▶ **To do**
Would you please write out only the lines running from the top of the listing through the one holding "BOLIGRAFO Y WALLET", exactly, with both ends kept and pictures left out?
· · · · ·
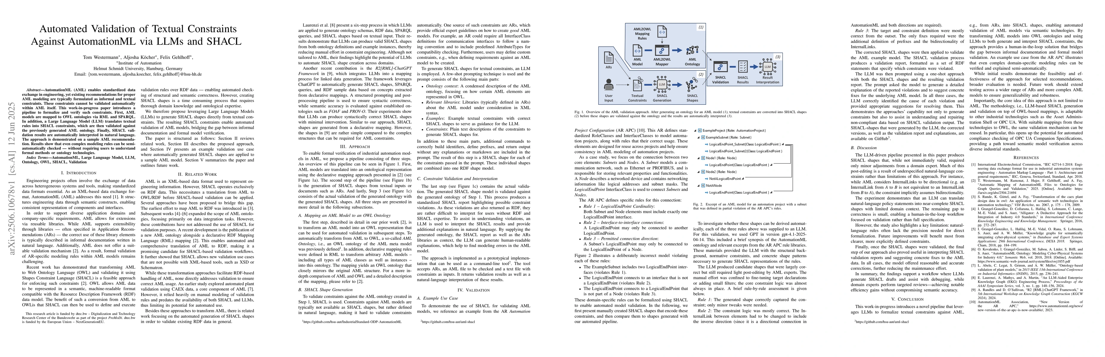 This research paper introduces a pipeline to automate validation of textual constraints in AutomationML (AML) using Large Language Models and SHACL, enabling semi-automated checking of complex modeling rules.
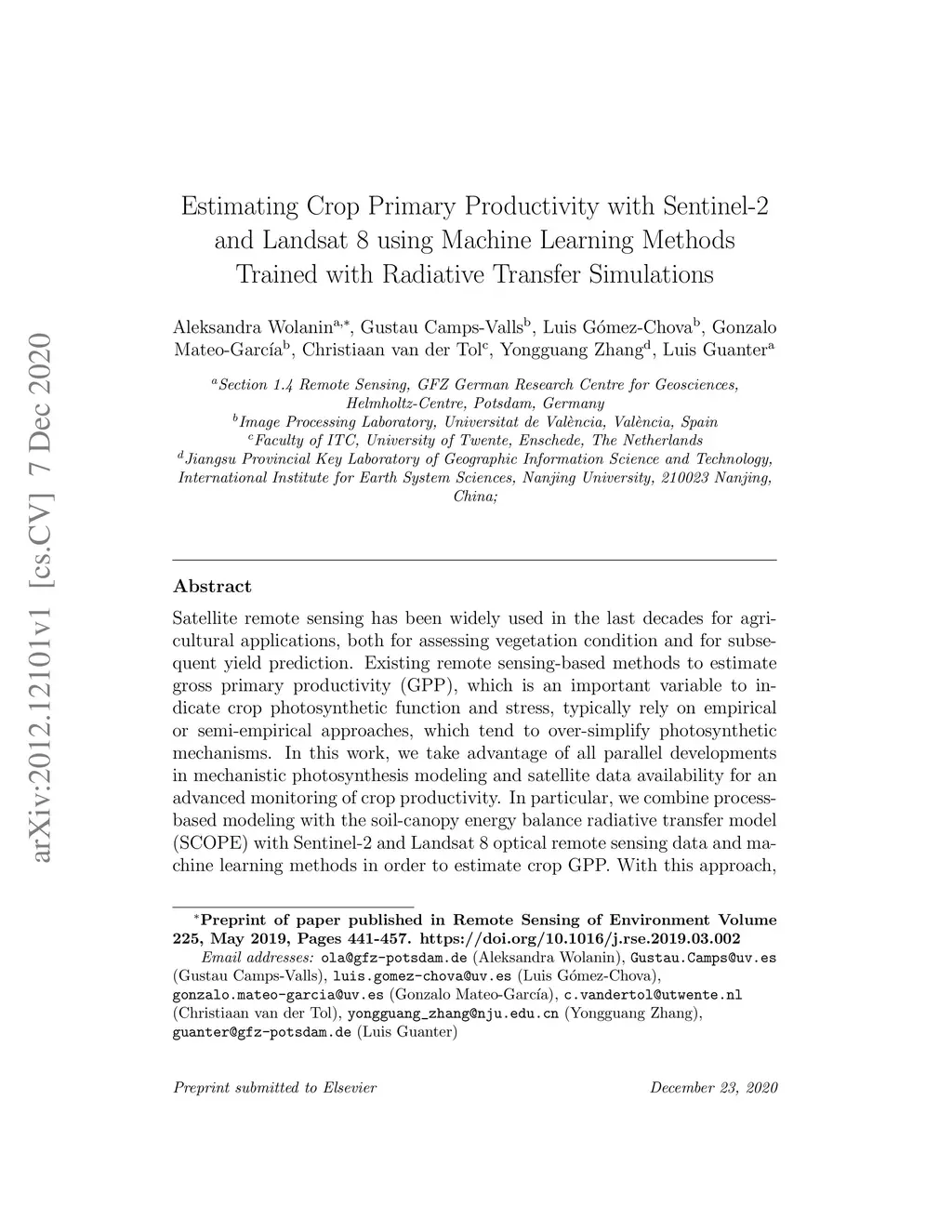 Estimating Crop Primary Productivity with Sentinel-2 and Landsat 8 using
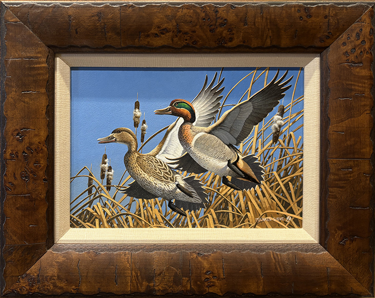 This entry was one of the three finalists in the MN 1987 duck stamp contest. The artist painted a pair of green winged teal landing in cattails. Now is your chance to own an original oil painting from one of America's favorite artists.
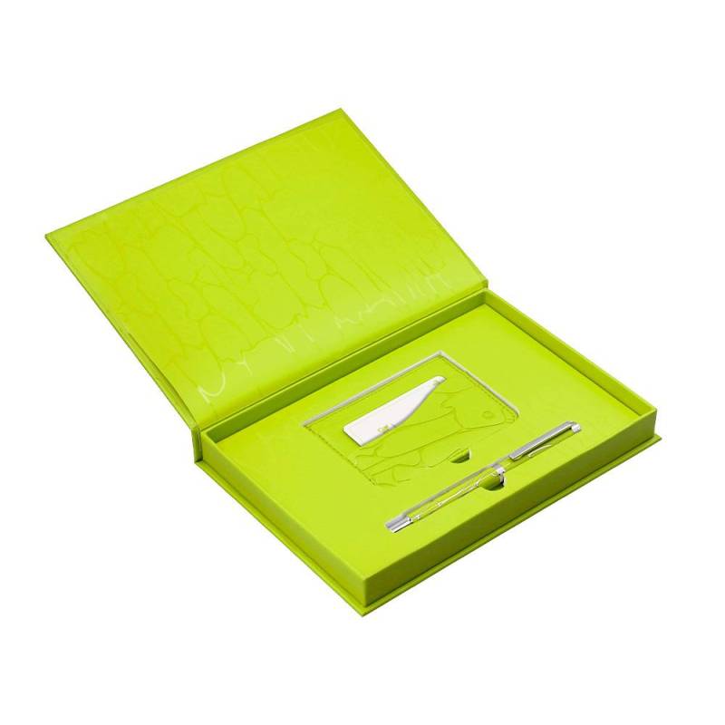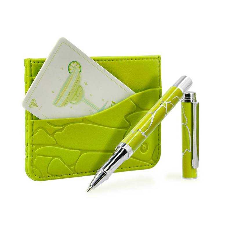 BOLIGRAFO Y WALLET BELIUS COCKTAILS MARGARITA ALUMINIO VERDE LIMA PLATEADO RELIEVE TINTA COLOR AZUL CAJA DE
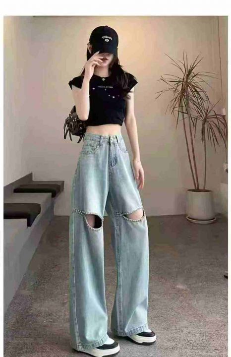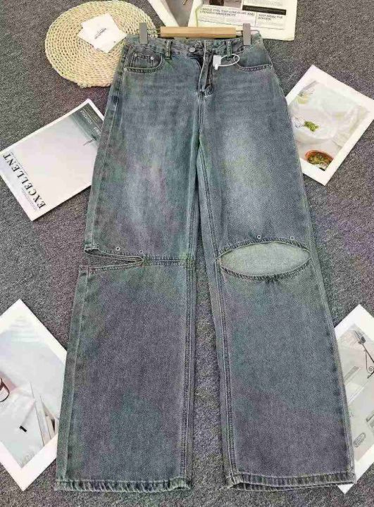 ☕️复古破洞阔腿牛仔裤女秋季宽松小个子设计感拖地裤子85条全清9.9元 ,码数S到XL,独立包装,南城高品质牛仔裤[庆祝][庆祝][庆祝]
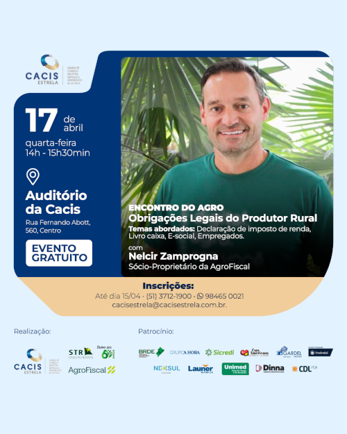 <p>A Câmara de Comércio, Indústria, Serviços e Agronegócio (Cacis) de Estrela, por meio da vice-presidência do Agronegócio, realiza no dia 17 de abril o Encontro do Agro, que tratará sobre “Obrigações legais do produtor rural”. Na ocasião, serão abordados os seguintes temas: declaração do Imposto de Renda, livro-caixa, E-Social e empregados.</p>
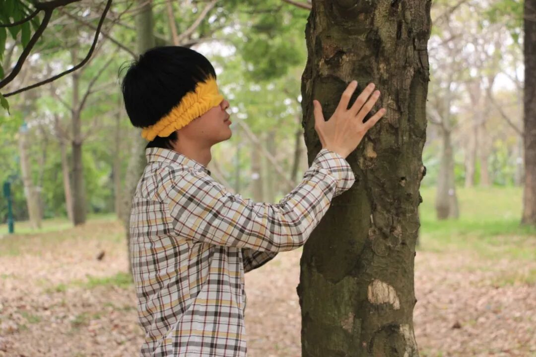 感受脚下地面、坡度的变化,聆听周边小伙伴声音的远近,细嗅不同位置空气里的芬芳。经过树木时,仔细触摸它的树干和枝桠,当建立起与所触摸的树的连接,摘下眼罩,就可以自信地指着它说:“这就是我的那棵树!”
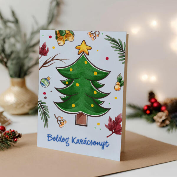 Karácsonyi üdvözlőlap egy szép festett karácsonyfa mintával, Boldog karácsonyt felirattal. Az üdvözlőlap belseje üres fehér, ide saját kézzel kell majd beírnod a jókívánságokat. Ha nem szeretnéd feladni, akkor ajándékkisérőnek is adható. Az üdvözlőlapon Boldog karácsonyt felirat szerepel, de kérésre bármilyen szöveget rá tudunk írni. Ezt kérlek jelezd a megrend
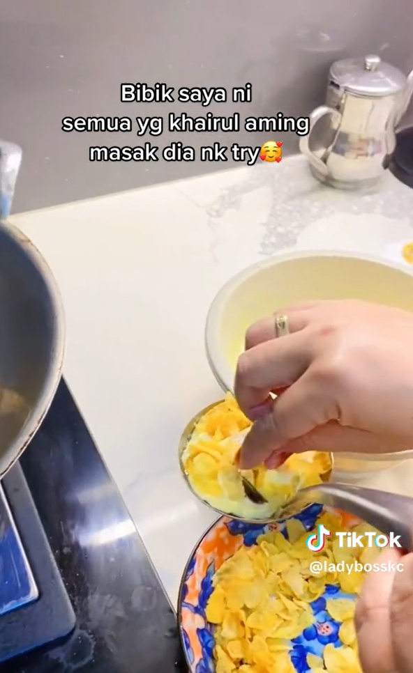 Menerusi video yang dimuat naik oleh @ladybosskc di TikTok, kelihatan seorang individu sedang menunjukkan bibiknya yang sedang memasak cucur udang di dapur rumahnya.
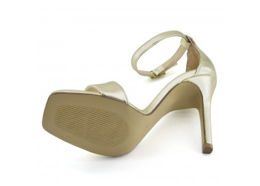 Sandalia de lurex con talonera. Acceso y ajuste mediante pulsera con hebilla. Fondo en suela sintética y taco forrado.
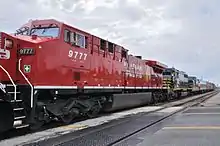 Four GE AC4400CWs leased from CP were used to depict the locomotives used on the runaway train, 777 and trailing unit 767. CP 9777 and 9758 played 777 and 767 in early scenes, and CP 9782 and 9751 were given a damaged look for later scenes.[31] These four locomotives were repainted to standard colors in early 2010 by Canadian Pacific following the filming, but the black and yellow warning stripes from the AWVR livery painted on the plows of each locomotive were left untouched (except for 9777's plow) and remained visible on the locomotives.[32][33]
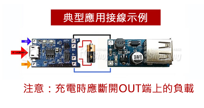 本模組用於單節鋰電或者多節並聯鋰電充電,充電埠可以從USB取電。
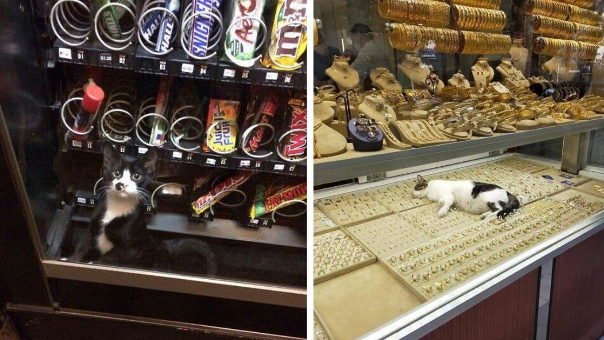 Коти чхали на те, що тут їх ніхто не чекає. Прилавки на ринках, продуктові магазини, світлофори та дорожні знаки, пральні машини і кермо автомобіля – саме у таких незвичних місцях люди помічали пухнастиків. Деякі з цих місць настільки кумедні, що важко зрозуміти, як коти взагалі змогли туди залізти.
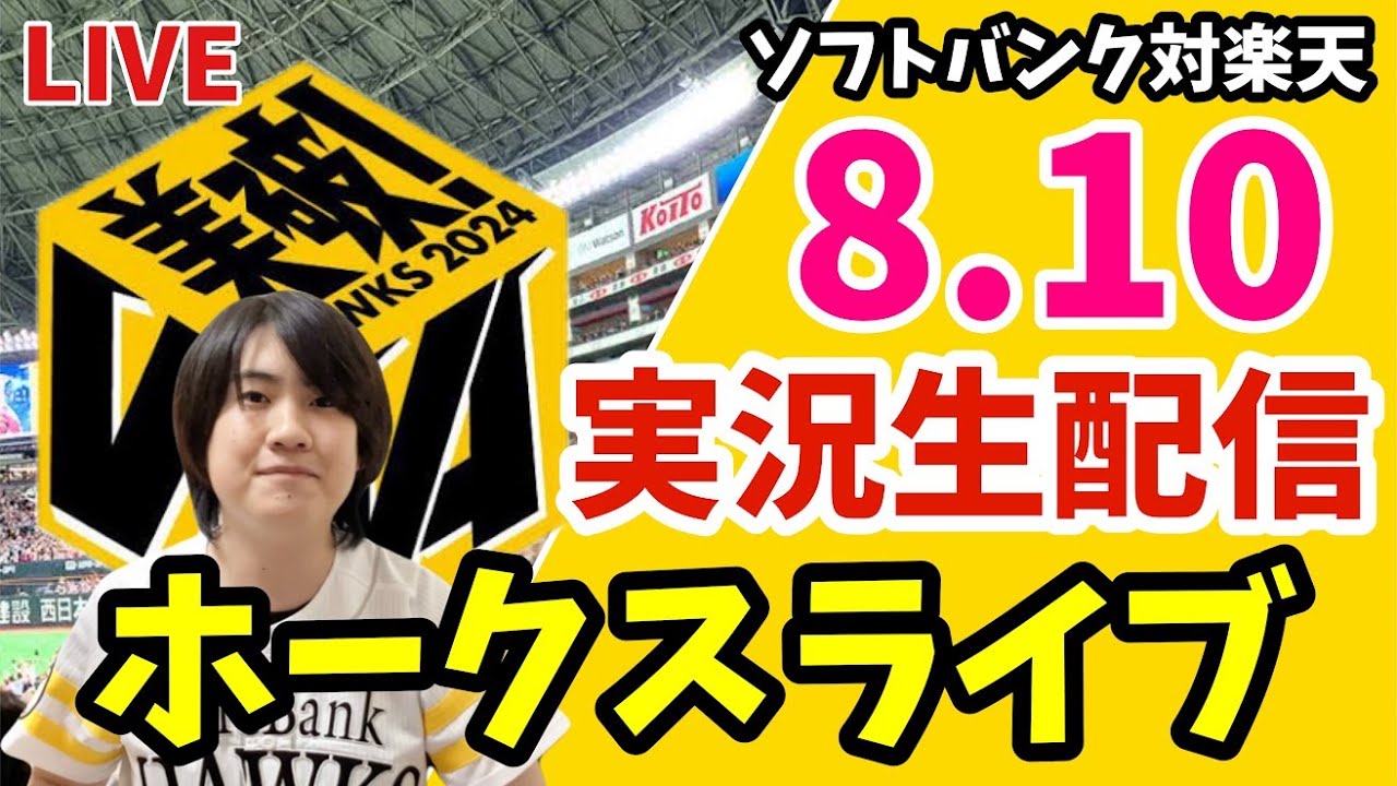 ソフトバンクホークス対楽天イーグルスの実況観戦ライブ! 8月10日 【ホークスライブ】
· · · · ·
▶ **Your response**
 This research paper introduces a pipeline to automate validation of textual constraints in AutomationML (AML) using Large Language Models and SHACL, enabling semi-automated checking of complex modeling rules.
 Estimating Crop Primary Productivity with Sentinel-2 and Landsat 8 using
 This entry was one of the three finalists in the MN 1987 duck stamp contest. The artist painted a pair of green winged teal landing in cattails. Now is your chance to own an original oil painting from one of America's favorite artists.
 BOLIGRAFO Y WALLET BELIUS COCKTAILS MARGARITA ALUMINIO VERDE LIMA PLATEADO RELIEVE TINTA COLOR AZUL CAJA DE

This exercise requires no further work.